Using bucket mainbucketrockhight5461
sagemaker version: 2.242.0


## Model Loading
Here we load our pre-trained machine learning model from a pickle file. Pickle is a Python format for saving objects, in this case our trained model pipeline. This is the first step to start making predictions.

In [5]:
import pickle

with open('model.pkl', 'rb') as f:
    model = pickle.load(f)

## Model Inspection
These print statements help us verify:
1. What type of model we've loaded (e.g., XGBoost classifier, Scikit-learn pipeline)
2. The model's configuration parameters
This is crucial for debugging and ensuring we have the right model.

In [6]:
print(type(model))
print(model)

<class 'sklearn.pipeline.Pipeline'>
Pipeline(steps=[('processing',
                 <transformers.RawDataProcessor object at 0x715689754050>),
                ('slice_columns',
                 <transformers.DataSlicer object at 0x7156897570e0>),
                ('null_filling',
                 <transformers.NullFillTransformer object at 0x715689757e00>),
                ('model',
                 FitModel(folds=5,
                          hyper_parameters={'colsample_bytree': [0.6, 0.8],
                                            'gamma': [2], 'max_depth': [3],
                                            'min_child_weight': [3],
                                            'random_state': [1005],
                                            'subsample': [0.6, 0.8]}))])


In [7]:
print(model.get_params())

{'memory': None, 'steps': [('processing', <transformers.RawDataProcessor object at 0x715689754050>), ('slice_columns', <transformers.DataSlicer object at 0x7156897570e0>), ('null_filling', <transformers.NullFillTransformer object at 0x715689757e00>), ('model', FitModel(folds=5,
         hyper_parameters={'colsample_bytree': [0.6, 0.8], 'gamma': [2],
                           'max_depth': [3], 'min_child_weight': [3],
                           'random_state': [1005], 'subsample': [0.6, 0.8]}))], 'verbose': False, 'processing': <transformers.RawDataProcessor object at 0x715689754050>, 'slice_columns': <transformers.DataSlicer object at 0x7156897570e0>, 'null_filling': <transformers.NullFillTransformer object at 0x715689757e00>, 'model': FitModel(folds=5,
         hyper_parameters={'colsample_bytree': [0.6, 0.8], 'gamma': [2],
                           'max_depth': [3], 'min_child_weight': [3],
                           'random_state': [1005], 'subsample': [0.6, 0.8]}), 'model__folds'

## Prediction Test with Sample Data
This cell creates sample input data in the format our model expects and makes a test prediction:
- We create a DataFrame with all required features
- Use placeholder values that match the expected data types
- The prediction output helps verify the model works as expected

In [8]:
import pandas as pd
import pickle

# Load the model
with open('model.pkl', 'rb') as f:
    pipeline = pickle.load(f)

# Assuming 'decline_v2a_debit' is one of the required features
input_data = pd.DataFrame({
    'timestamp': ['2023-05-01'],
    'in_data': ['{"yams_score":0.7,"north_star_metric":"5.5"}'],
    'decline_v2a_debit': [0.5],
    'days_since_sms_otp_success': [20],
    'days_since_receiver_first_seen': [100],
    'days_since_device_first_seen': [20],
    'dda_age_in_days': [100]# Add this and any other missing features
    # ... add all other required features ...
})

# Make a prediction
prediction = pipeline.predict(input_data)

## Prediction Result Verification
Simply prints the output of our test prediction.
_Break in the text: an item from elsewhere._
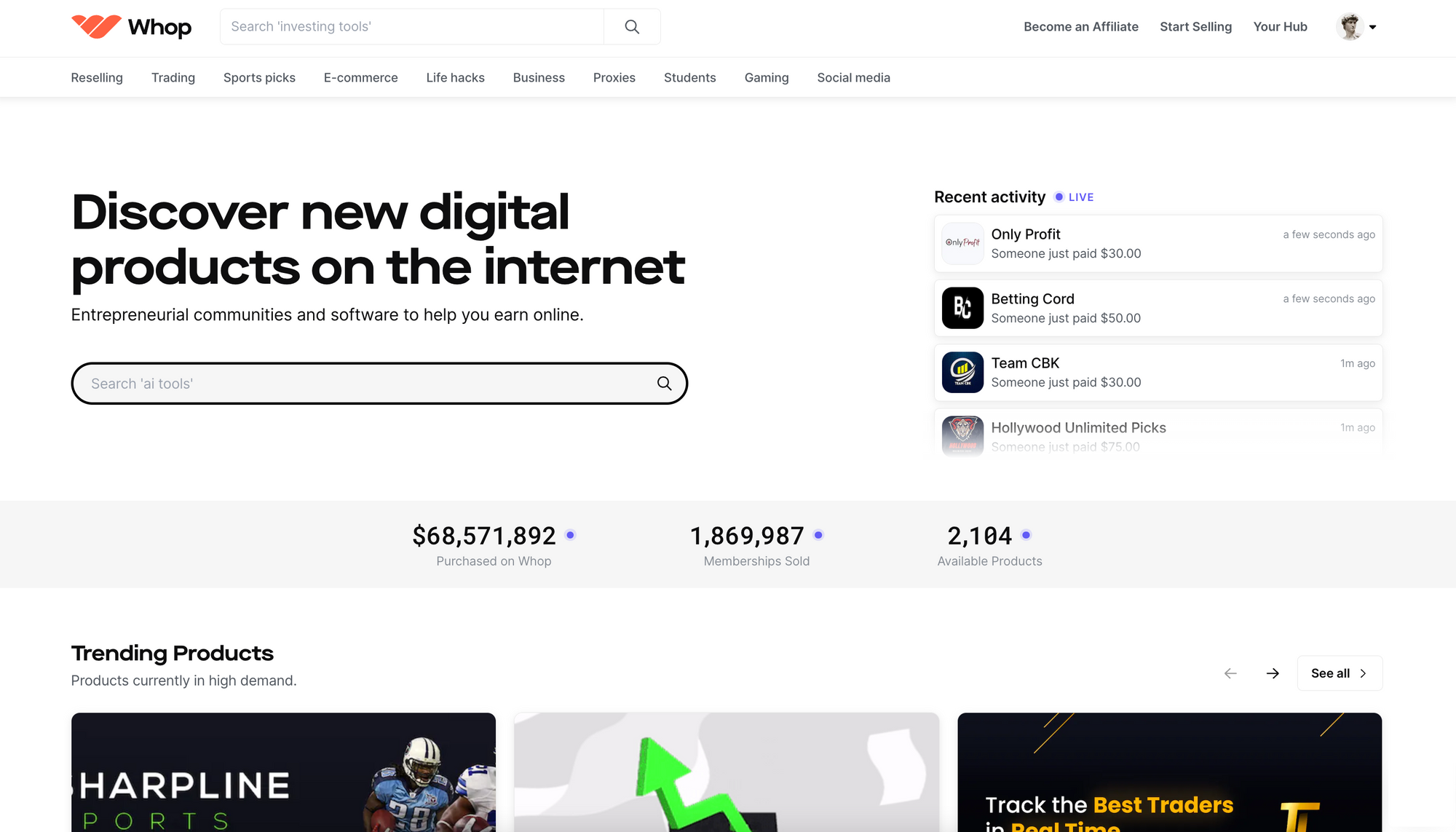 Get discoverable on the Whop Marketplace to put your business in front of more than one million monthly visitors! Marketplace companies are searchable on Whop.com and appear in top charts and category sections of the website. To get on Whop Marketplace, submit your application on the product page in the business dashboard.

This helps confirm that:
- The model is working
- The output format is as expected
- There are no immediate errors in the prediction process

In [9]:
print(prediction)

{'uncalibrated': array([[0.14639568, 0.8536043 ]], dtype=float32), 'calibrated': array([[0.60676062, 0.39323938]])}


## API Endpoint Simulation
This cell simulates how our model would handle requests when deployed as an API endpoint:
- Creates a mock HTTP request
- Processes it through the model's invoke method
- Shows how input data would be received and processed in a production environment
This helps test our serving code before actual deployment.

In [10]:
import pandas as pd
import pickle
import json
from predict import MyModel

# Load the model from the current directory
with open('model.pkl', 'rb') as f:
    model_pipeline = pickle.load(f)

# Create an instance of MyModel without calling __init__
model_instance = MyModel.__new__(MyModel)
model_instance.model = model_pipeline

# Define a mock request class to simulate HTTPServerRequest
class MockRequest:
    def __init__(self, body):
        self.body = body

# Prepare input data as a dictionary (adjust as per your model's requirements)
input_data = {
    'timestamp': '2023-05-01',
    'in_data': '{"yams_score":0.7,"north_star_metric":"5.5"}',
    'decline_v2a_debit': 0.5,
    'days_since_sms_otp_success': 20,
    'days_since_receiver_first_seen': 100,
    'days_since_device_first_seen': 20,
    'dda_age_in_days': 100
}

# Convert input data to JSON string and encode to bytes
json_input = json.dumps(input_data)
mock_request = MockRequest(json_input.encode('utf-8'))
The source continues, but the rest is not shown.